§ What is needed
For the listing that follows, give again exactly the lines from the one with "Globo E Commerce" to the one with "Siyah uzun etek, dar", including both.

§ Source material
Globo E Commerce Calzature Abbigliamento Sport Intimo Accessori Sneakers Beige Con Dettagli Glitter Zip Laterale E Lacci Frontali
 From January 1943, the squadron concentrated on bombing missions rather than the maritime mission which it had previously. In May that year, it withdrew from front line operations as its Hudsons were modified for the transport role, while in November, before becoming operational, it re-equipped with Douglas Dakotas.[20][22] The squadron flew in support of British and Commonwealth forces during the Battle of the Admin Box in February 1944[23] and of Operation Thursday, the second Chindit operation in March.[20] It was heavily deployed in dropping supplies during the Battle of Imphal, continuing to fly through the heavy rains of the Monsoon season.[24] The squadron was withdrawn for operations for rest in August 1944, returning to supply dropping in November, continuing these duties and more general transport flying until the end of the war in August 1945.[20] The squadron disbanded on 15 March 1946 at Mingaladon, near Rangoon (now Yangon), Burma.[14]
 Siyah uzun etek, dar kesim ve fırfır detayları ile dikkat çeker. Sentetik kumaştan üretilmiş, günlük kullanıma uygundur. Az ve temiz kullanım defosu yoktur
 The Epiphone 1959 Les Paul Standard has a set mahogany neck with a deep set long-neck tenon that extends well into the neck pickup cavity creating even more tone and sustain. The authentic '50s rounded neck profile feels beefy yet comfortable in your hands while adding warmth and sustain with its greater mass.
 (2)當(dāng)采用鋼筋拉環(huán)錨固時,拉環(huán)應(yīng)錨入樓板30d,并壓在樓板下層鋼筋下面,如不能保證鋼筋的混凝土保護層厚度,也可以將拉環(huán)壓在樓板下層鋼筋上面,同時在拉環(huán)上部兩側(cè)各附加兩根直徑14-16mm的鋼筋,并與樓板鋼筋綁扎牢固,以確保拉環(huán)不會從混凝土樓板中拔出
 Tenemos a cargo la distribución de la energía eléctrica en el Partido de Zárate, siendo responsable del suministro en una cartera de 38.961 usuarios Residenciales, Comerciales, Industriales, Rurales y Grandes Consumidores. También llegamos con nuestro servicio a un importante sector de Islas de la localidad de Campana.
...
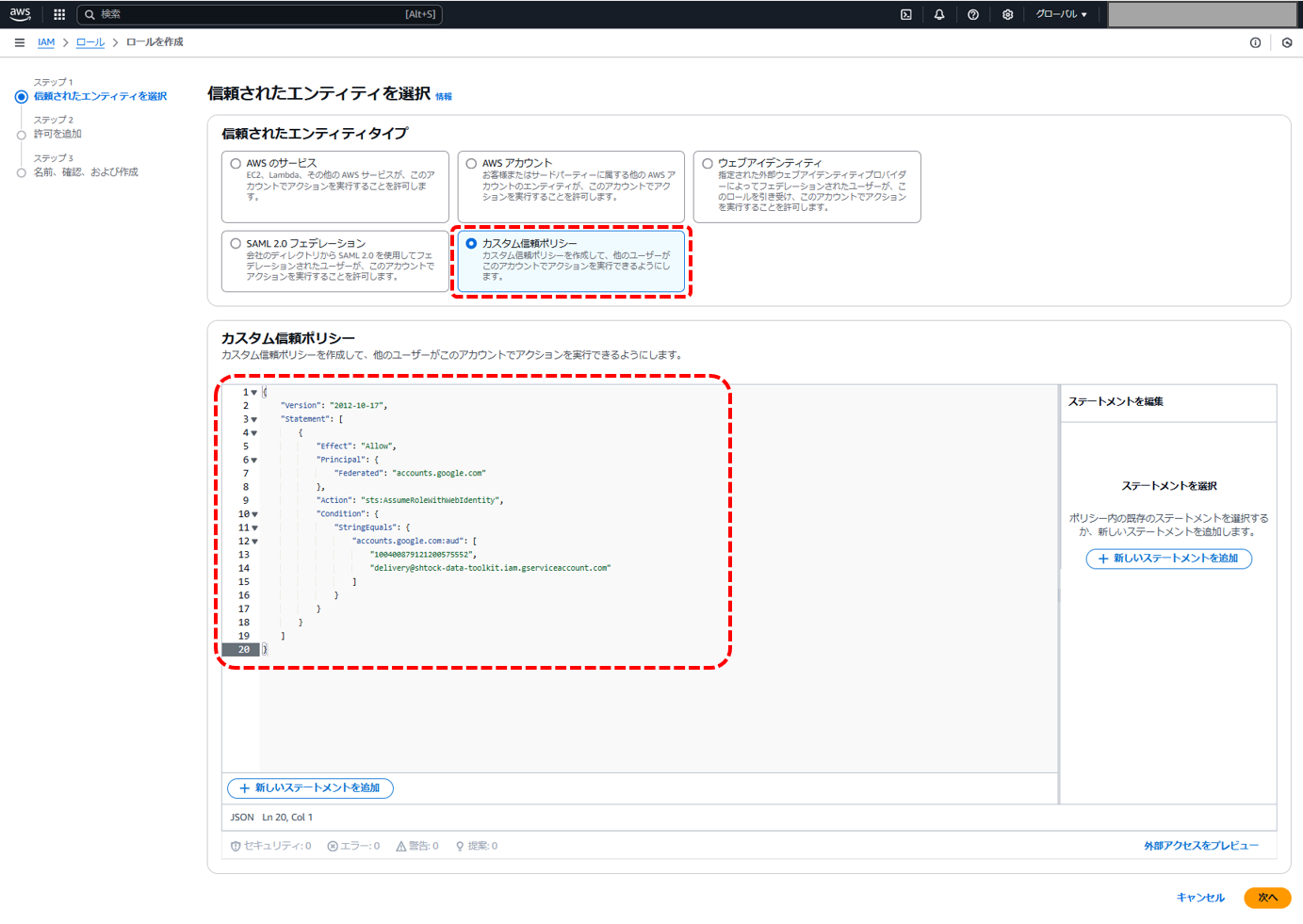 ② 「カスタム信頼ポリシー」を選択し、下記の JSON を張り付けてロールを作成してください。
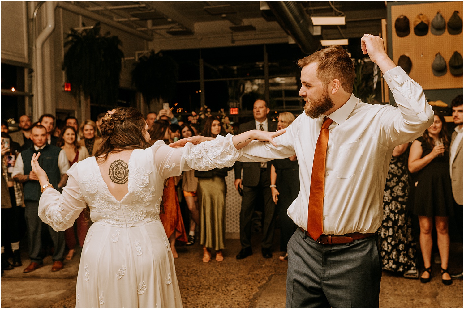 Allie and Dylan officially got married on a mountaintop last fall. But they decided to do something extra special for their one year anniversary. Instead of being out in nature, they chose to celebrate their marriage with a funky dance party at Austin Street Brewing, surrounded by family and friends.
==
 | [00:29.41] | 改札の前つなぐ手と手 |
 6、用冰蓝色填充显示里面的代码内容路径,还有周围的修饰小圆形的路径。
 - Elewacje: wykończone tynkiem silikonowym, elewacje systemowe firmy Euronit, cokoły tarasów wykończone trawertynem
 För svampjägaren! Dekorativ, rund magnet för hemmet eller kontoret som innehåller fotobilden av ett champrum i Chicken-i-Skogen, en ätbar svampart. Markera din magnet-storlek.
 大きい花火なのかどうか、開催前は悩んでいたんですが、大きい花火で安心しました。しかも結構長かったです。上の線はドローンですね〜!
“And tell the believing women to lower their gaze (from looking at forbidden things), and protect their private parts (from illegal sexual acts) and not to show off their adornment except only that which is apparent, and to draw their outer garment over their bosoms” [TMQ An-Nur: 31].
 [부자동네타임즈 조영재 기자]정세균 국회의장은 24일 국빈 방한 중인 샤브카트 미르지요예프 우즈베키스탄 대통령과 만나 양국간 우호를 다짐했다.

§ Result
Globo E Commerce Calzature Abbigliamento Sport Intimo Accessori Sneakers Beige Con Dettagli Glitter Zip Laterale E Lacci Frontali
 From January 1943, the squadron concentrated on bombing missions rather than the maritime mission which it had previously. In May that year, it withdrew from front line operations as its Hudsons were modified for the transport role, while in November, before becoming operational, it re-equipped with Douglas Dakotas.[20][22] The squadron flew in support of British and Commonwealth forces during the Battle of the Admin Box in February 1944[23] and of Operation Thursday, the second Chindit operation in March.[20] It was heavily deployed in dropping supplies during the Battle of Imphal, continuing to fly through the heavy rains of the Monsoon season.[24] The squadron was withdrawn for operations for rest in August 1944, returning to supply dropping in November, continuing these duties and more general transport flying until the end of the war in August 1945.[20] The squadron disbanded on 15 March 1946 at Mingaladon, near Rangoon (now Yangon), Burma.[14]
 Siyah uzun etek, dar kesim ve fırfır detayları ile dikkat çeker. Sentetik kumaştan üretilmiş, günlük kullanıma uygundur. Az ve temiz kullanım defosu yoktur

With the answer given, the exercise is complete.